期間満了で雇止めにすると、休業補償が止まってしまうのでしょうか。

会社として、休職発令し、雇用関係を継続させる必要がありますか。

【愛知・J社】

業務上のケガですから、そもそも雇止めが可能かという点から話を整理しましょう。

労基法第19条では、業務上のケガ等で「休業する期間及びその後30日間は、解雇してはならない」と定めています。

しかし、期間契約の場合は、「業務上負傷し又は疾病にかかり療養のため休業する期間中の者の労働契約もその期間満了とともに終了し、労基法第19条の適用はない」という解釈例規があります(昭23・1・16基発第56号)。

つまり、雇止めは可能ですが、仮にそのことで、労災補償がストップしてしまうとすれば、労働者にとって酷な結果となります。

会社として、賃金を払わないまでも、形式的に雇用契約を存続させて補償を受けさせるなど、工夫する必要が生じます。

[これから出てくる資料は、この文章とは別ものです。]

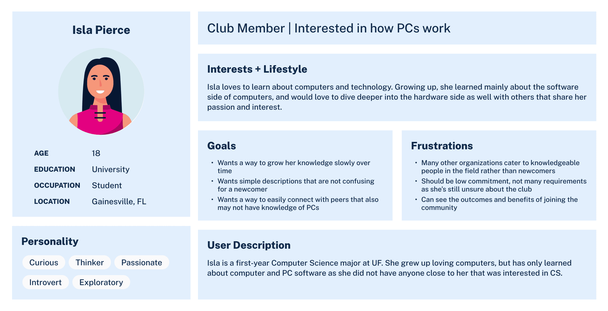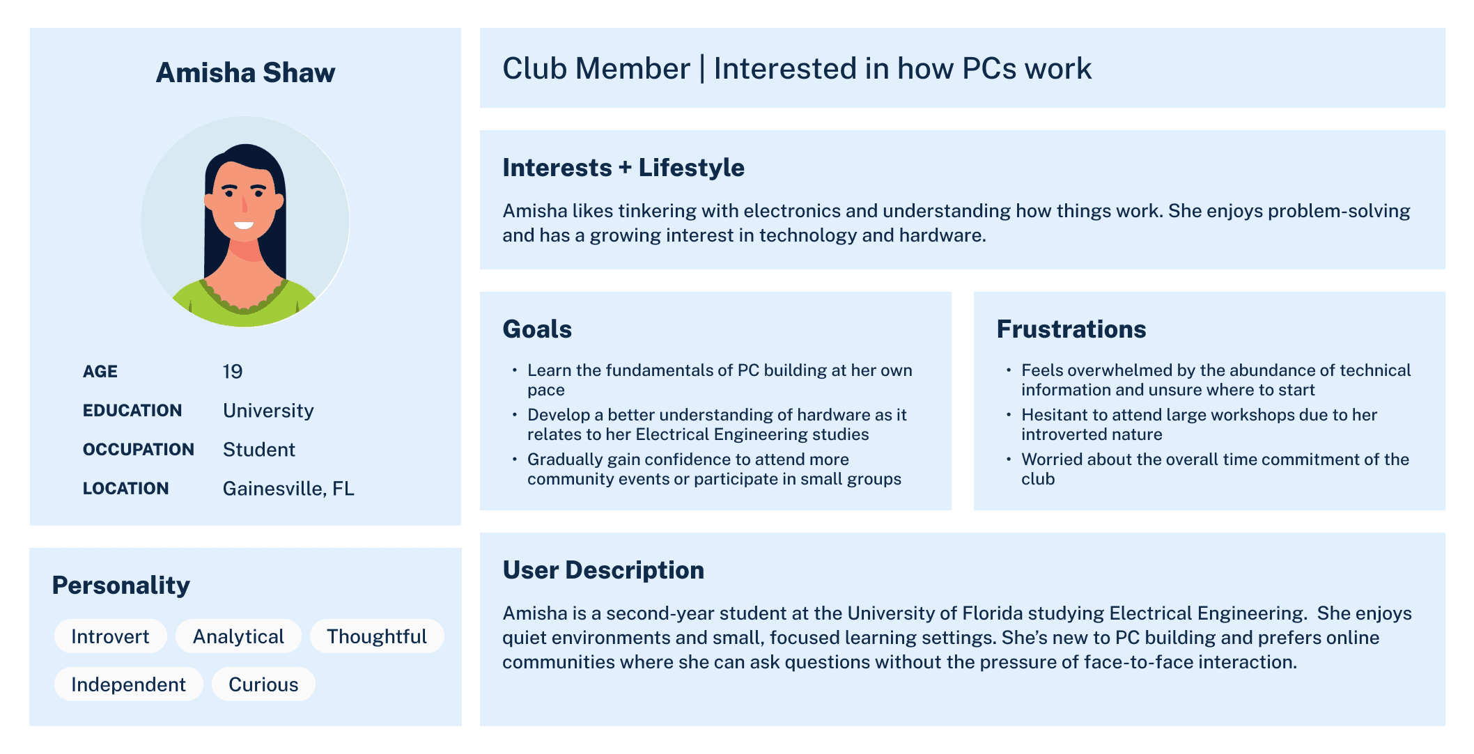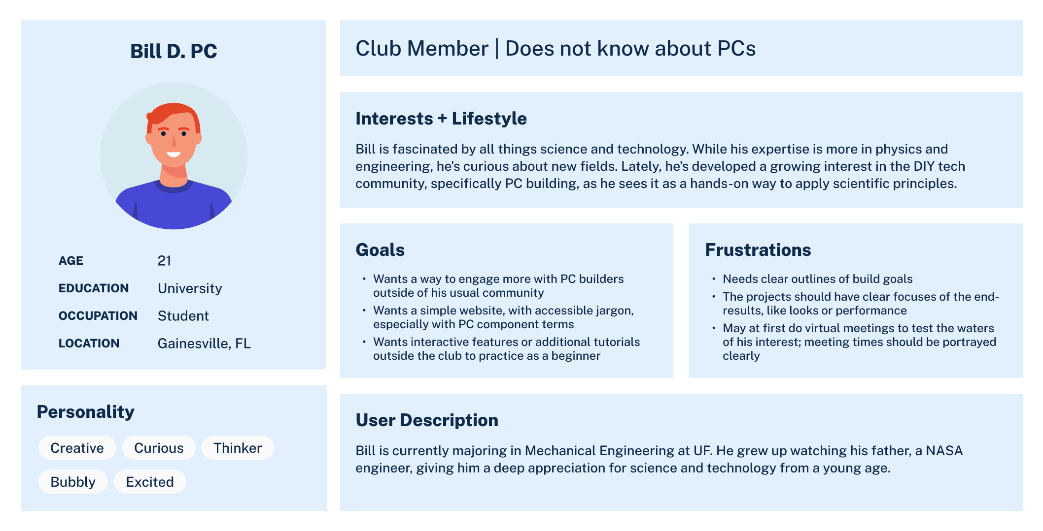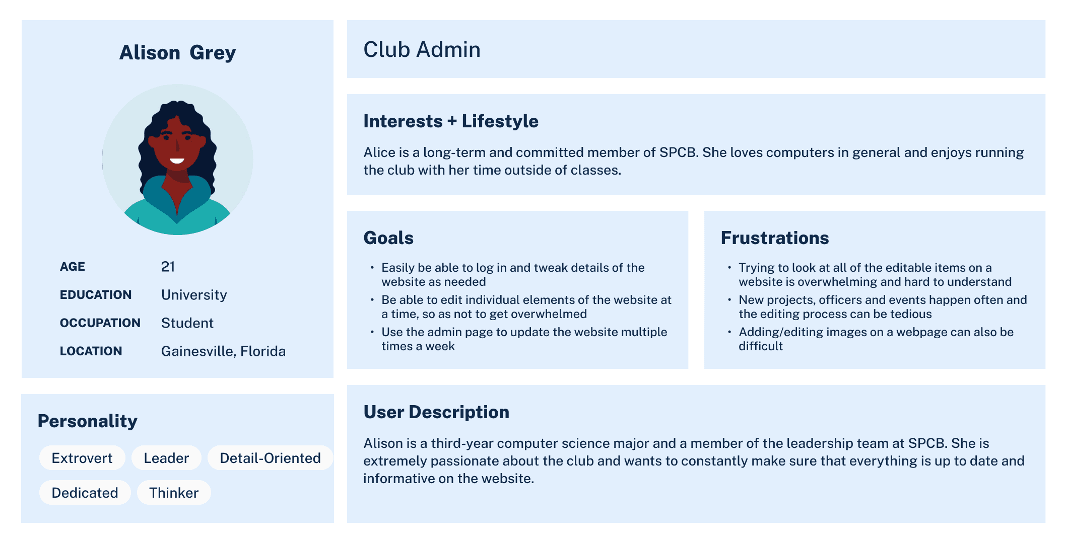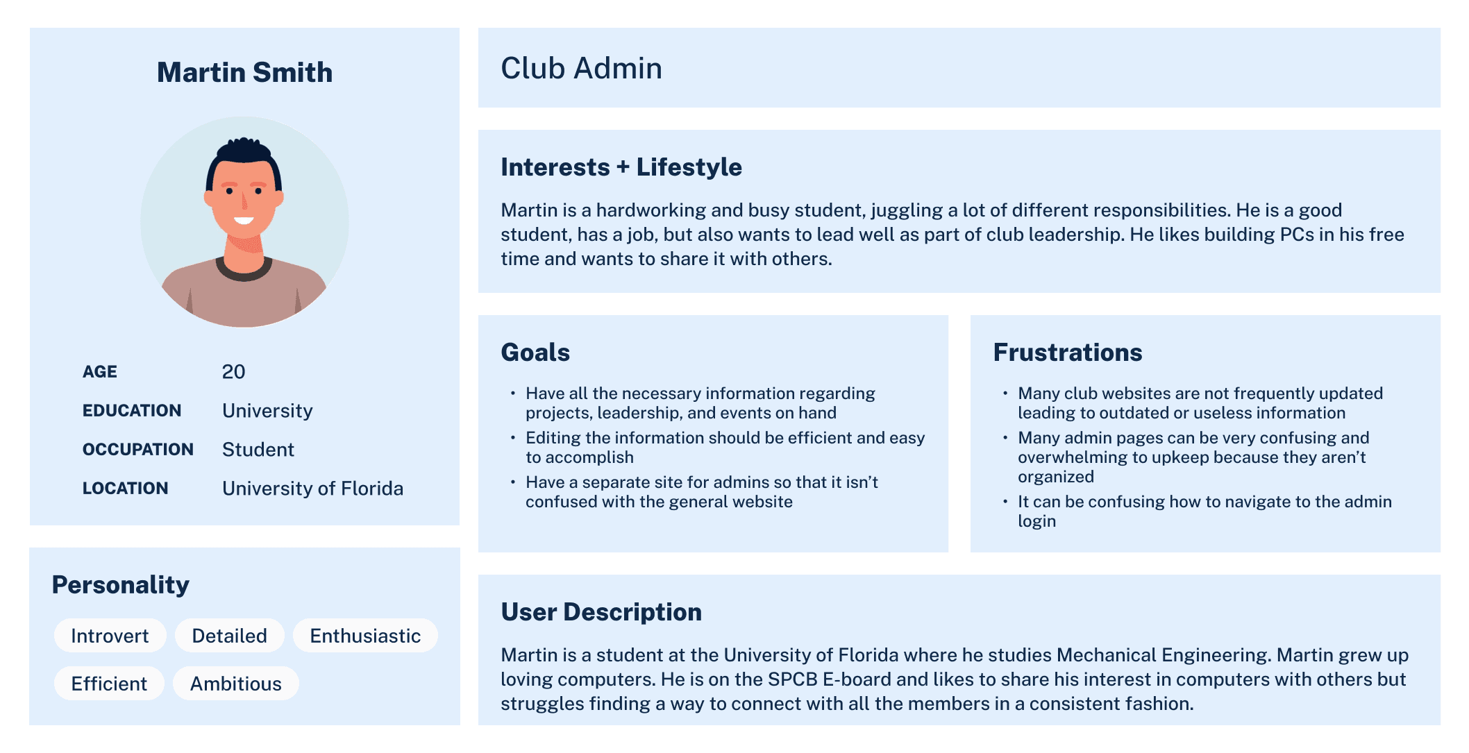 SPCB’s community brings together students from all kinds of technical backgrounds—some just curious about building PCs, others already experts. To ensure the website served everyone, we created personas that reflected different levels of skill and interest. We also designed a dedicated Admin view for SPCB’s E-Board, giving officers the tools to manage events, projects, and resources with ease.

しかし、労災保険法第12条の5に、「保険給付を受ける権利は、労働者の退職によって変更されることはない」という規定があります。

会社が払う保険料を原資に保険給付が支払われるので、労働関係が途切れると保険給付に影響が出るという誤解があるため、独立の条文を建て、退職後の権利を明らかにしたものです。

ですから、退職しても、「業務上の負傷又は疾病による療養のため労働することができない」状態である限りは、引き続き休業補償給付が支給されます。